The basic idea of the Kabala consists in the study of the Name of God in its manifestation.

Jehovah in Hebrew is spelt by four letters, Yod, He, Vau and He ­ I, H, V, H. To these four letters is given the deepest symbolical meaning. The first letter expresses the active principle, the beginning or first cause, motion, energy, ``I''; the second letter expresses the passive element, inertia, quietude, ``not I''; the third, the balance of opposites, ``form''; and the fourth, the result or latent energy. The Kabalists affirm that every phenomenon and every object consists of these four principles, i.e., that every object and every phenomenon consists of the Name of God (The Word), ­ Logos. To state it in another way the Kabalists hold that these four principles penetrate and create everything.
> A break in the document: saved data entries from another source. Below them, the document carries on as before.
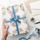 Baptism Name Date Cross Dove Spring Flowers Wrapping Paper
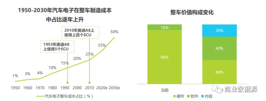 艾瑞咨询的最新报告指出,自1950年后汽车的电气化程度明显提升,预计2020时汽车电子(包括系统软件)占整车的成本将提升至35%。到2019年底,全球汽车电子市场需求达到2285亿美元,其中中国市场对汽车电子需求更是高达962亿美元,且还在以10.1%的速度高速增长(全球增速5.1%),仅仅汽车电子增值配件就能滋养出市值430亿美元的恩智浦等巨头。
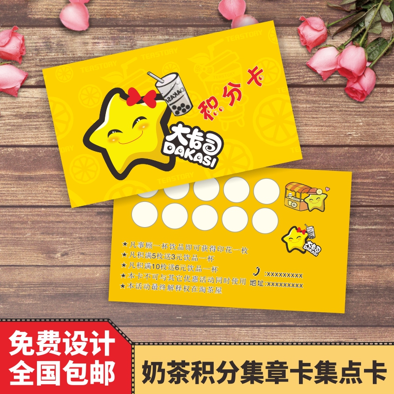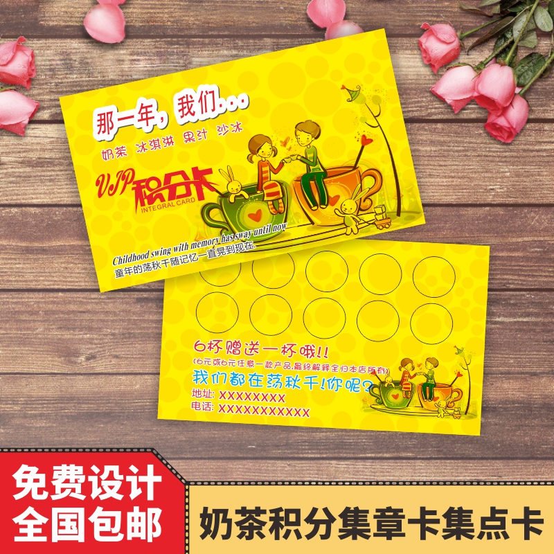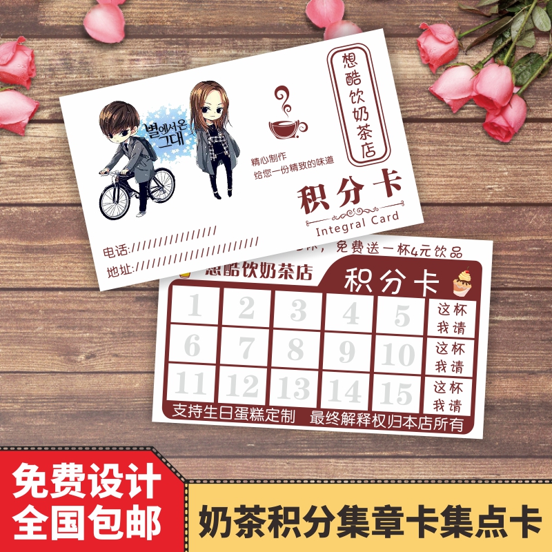 Milk Tea Drinks Store Points Card Collection Cups Folio Cards Printed Set Seals Printed Water Bar number of cards Design of cards Design
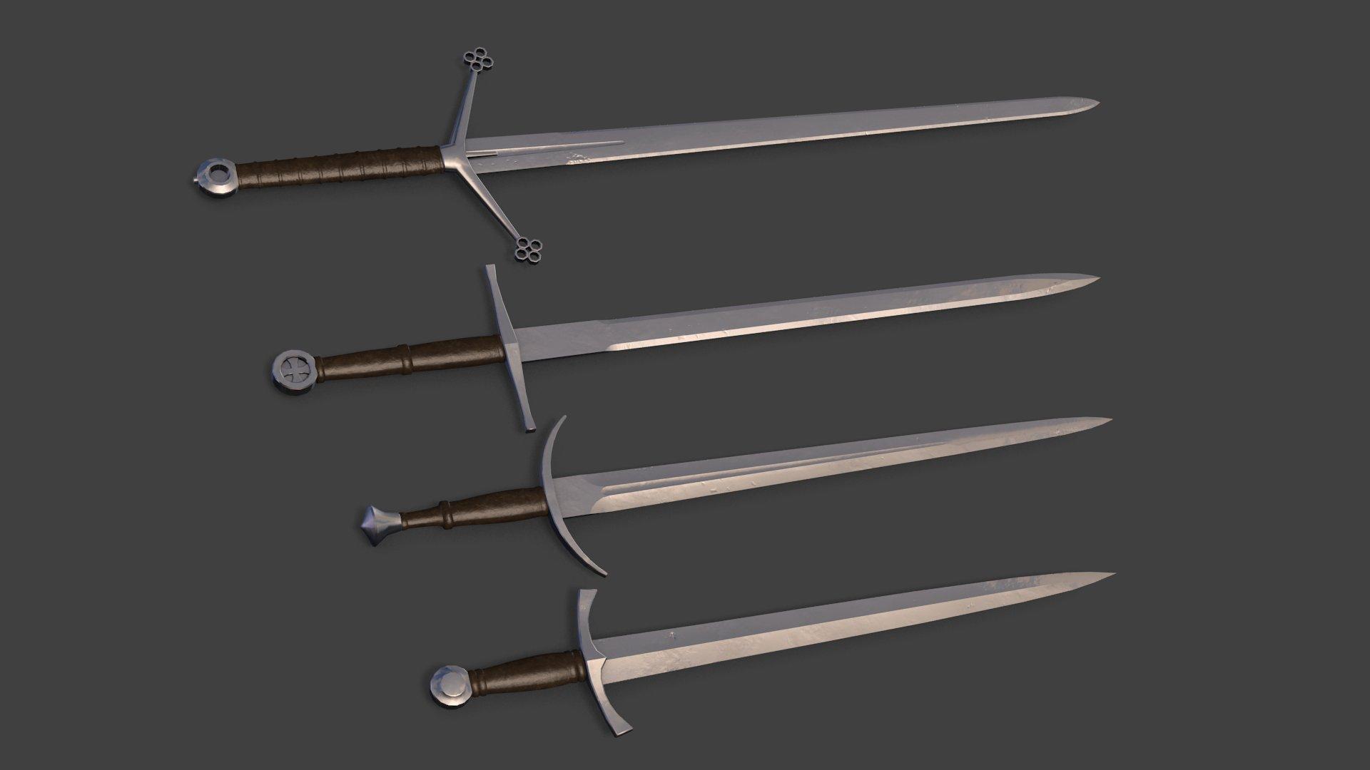 3D model sword set 2 three swords VR / AR / low poly CGTrader

Therefore, when the man finds these four principles in things and phenomena of quite different categories (when before he had not seen similarity), he begins to see analogy between these phenomena. And, gradually, he becomes convinced that the whole world is built according to one and the same law, on one and the same plan. The richness and growth of his intellect consists in the widening of his faculty for finding analogies. . . .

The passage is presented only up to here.